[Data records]
++++++

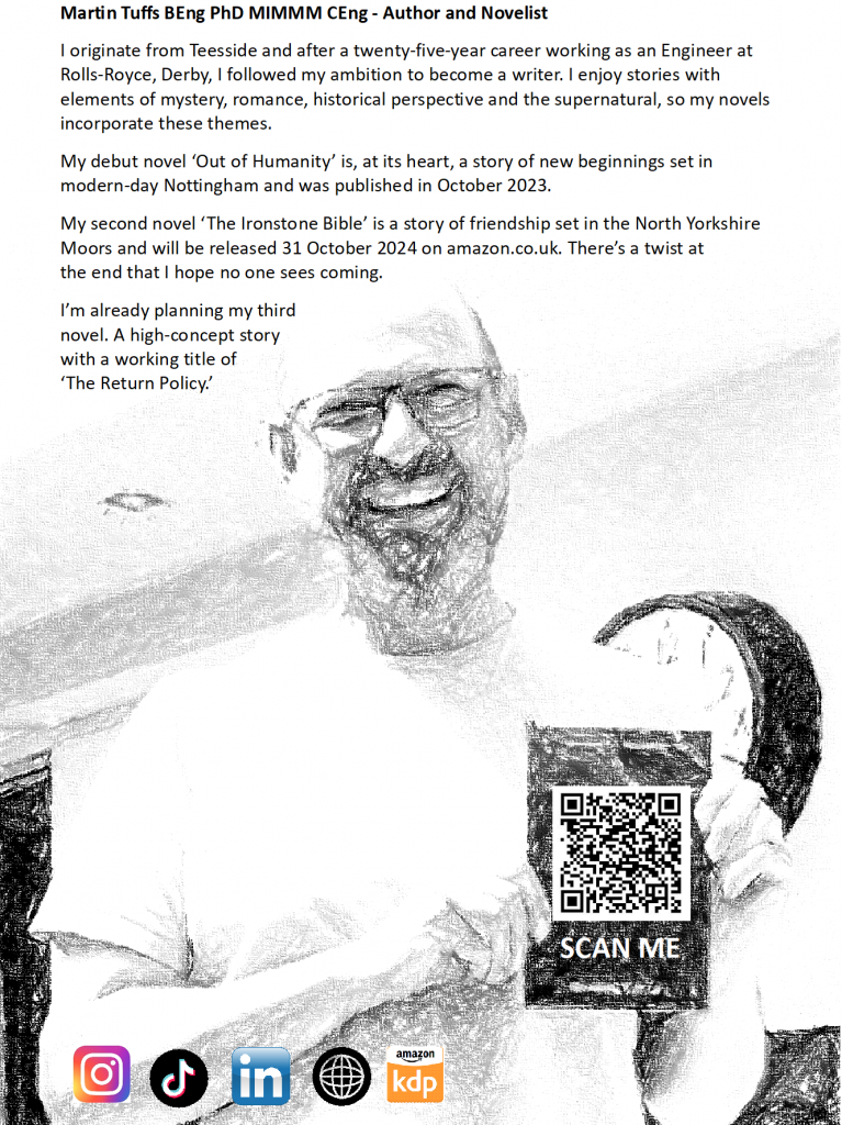 I’ve been busy producing reels to promote The Ironstone Bible on Instagram and TikTok. Check them out at Martin Tuffs (@tuffsmartin) • Instagram photos and videos or tiktok.com/@martintuffsauthor. My favourite reel so far is the one with the slogan ‘A dark problem requires a darker solution’ written in blood red and to the soundtrack of Spellbound by Siouxsie and the Banshees.
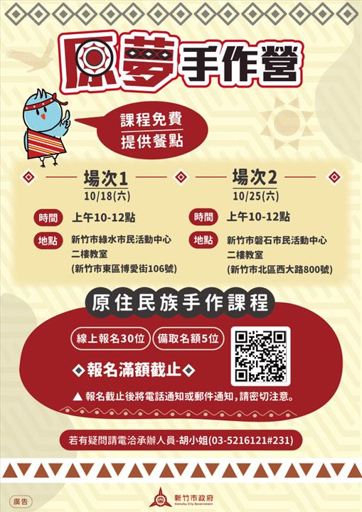 新竹市政府持續推動原住民族多元文化推廣,近年來積極規劃各項語言學習、文化技藝推廣課程,期望傳承傳統文化、拓展族人活動空間。市府將於10月18日及10月25日上午,辦理2場次「原夢手作營」體驗課程,帶領
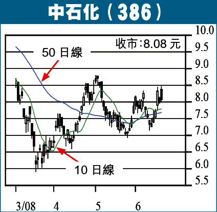 由於中央調高成品油價格,有利於石化雙雄,尤其是中石化,而從上周五的買盤亦可看到此點。上周五中石化的交投量高達41億餘元,乃當日成交量最高的股份。中石化並非滙控(005)、中移動(941),在10大成交榜中排頭位,並不常見。同時其成交股數更逼近去年10月時的高峯水平,反映這次真有龐大買盤跟進。此外,上周中石化以大成交一舉衝破50日及100日等中期平均線,若穩守8元水平,則後市可望進一步挑戰250日線9元水平。
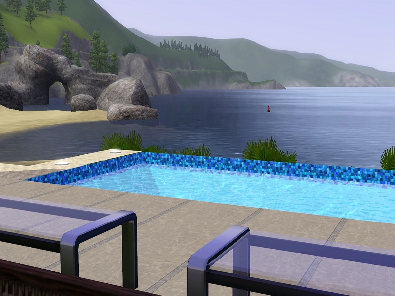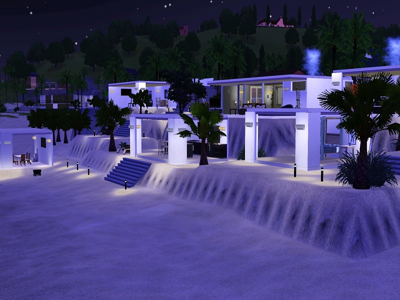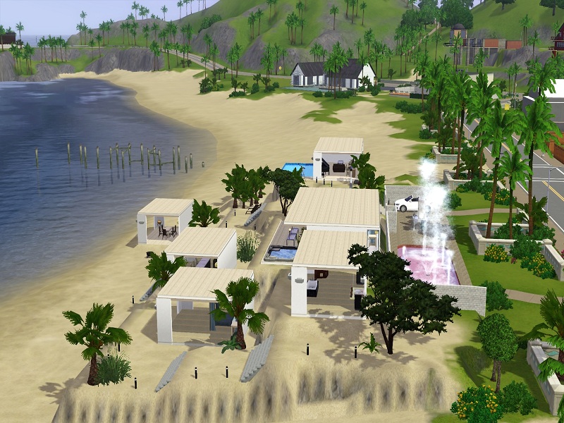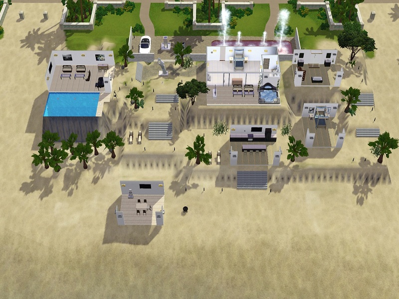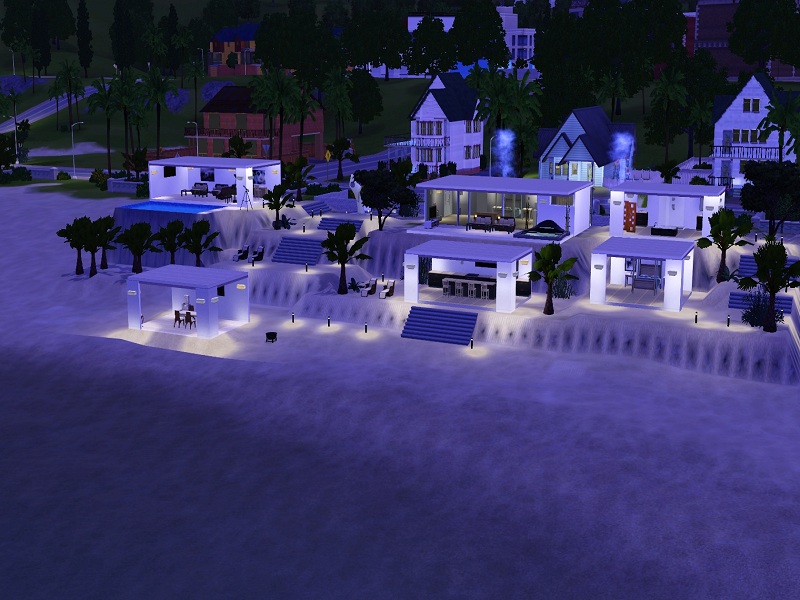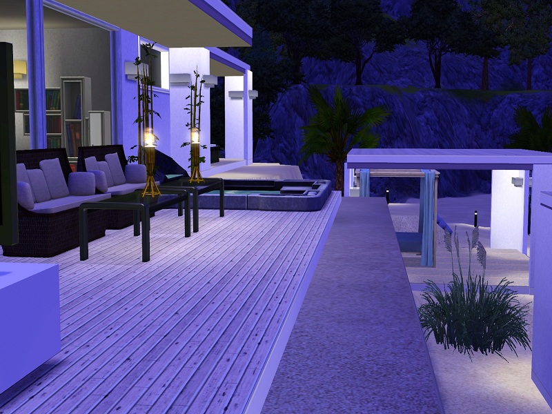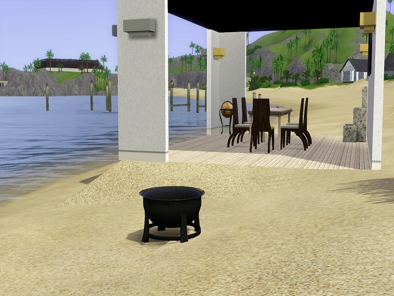Am alten Pier is an open air high end beach residence with all luxuries needed for rich Sims. It's best placed near the sea and ideal for sims close to the nature, the sun, sand and the sea. The house comes with a closed builidng containing a bed and the toilet, while the rest of the buildings are built open. From a piano to a whirlpool to a dining place direct on the beach the house offers almost everything.
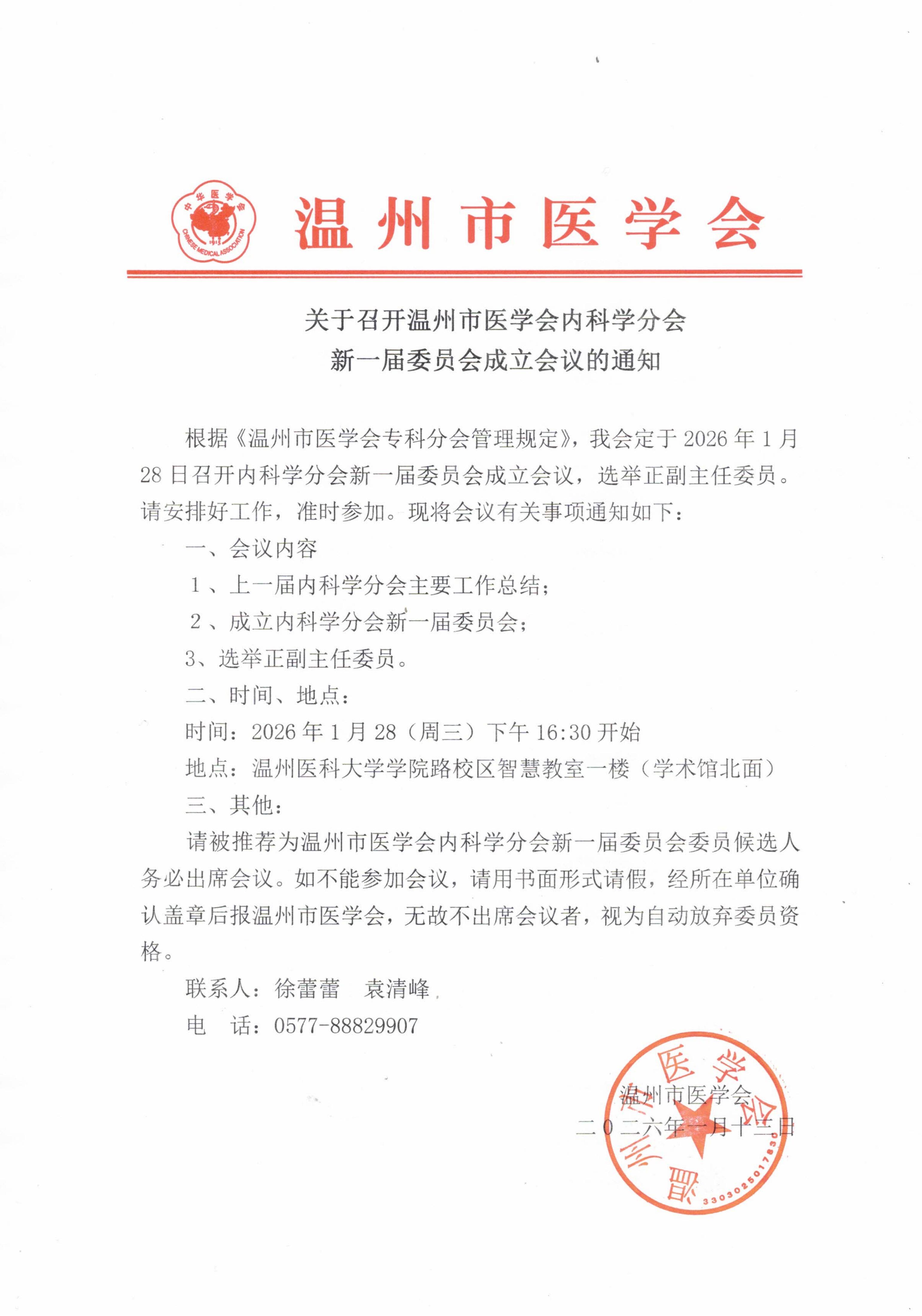关于召开温州市医学会内科学分会新一届委员会成立会议的通知
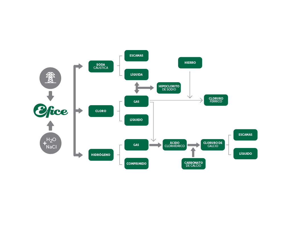 The rest of the products we manufacture come about as a consequence of combinations or the later processing of those primary products in reactions carried out in another 8 production plants connected to the core process, obtaining: caustic soda in flakes, liquid chlorine, compressed gaseous hydrogen, hydrochloric acid solution, sodium hypochlorite, calcium chloride -both liquid and in flakes-, ferric chloride solution and Roadtec.

++++++

**Problem description**
Beginning with the line that has "关于召开温州市医学会内科学分会新一届委员会成立会议的通知", repeat each remaining line of the data above word for word, keeping pictures out.

**Task solution**
关于召开温州市医学会内科学分会新一届委员会成立会议的通知
 The rest of the products we manufacture come about as a consequence of combinations or the later processing of those primary products in reactions carried out in another 8 production plants connected to the core process, obtaining: caustic soda in flakes, liquid chlorine, compressed gaseous hydrogen, hydrochloric acid solution, sodium hypochlorite, calcium chloride -both liquid and in flakes-, ferric chloride solution and Roadtec.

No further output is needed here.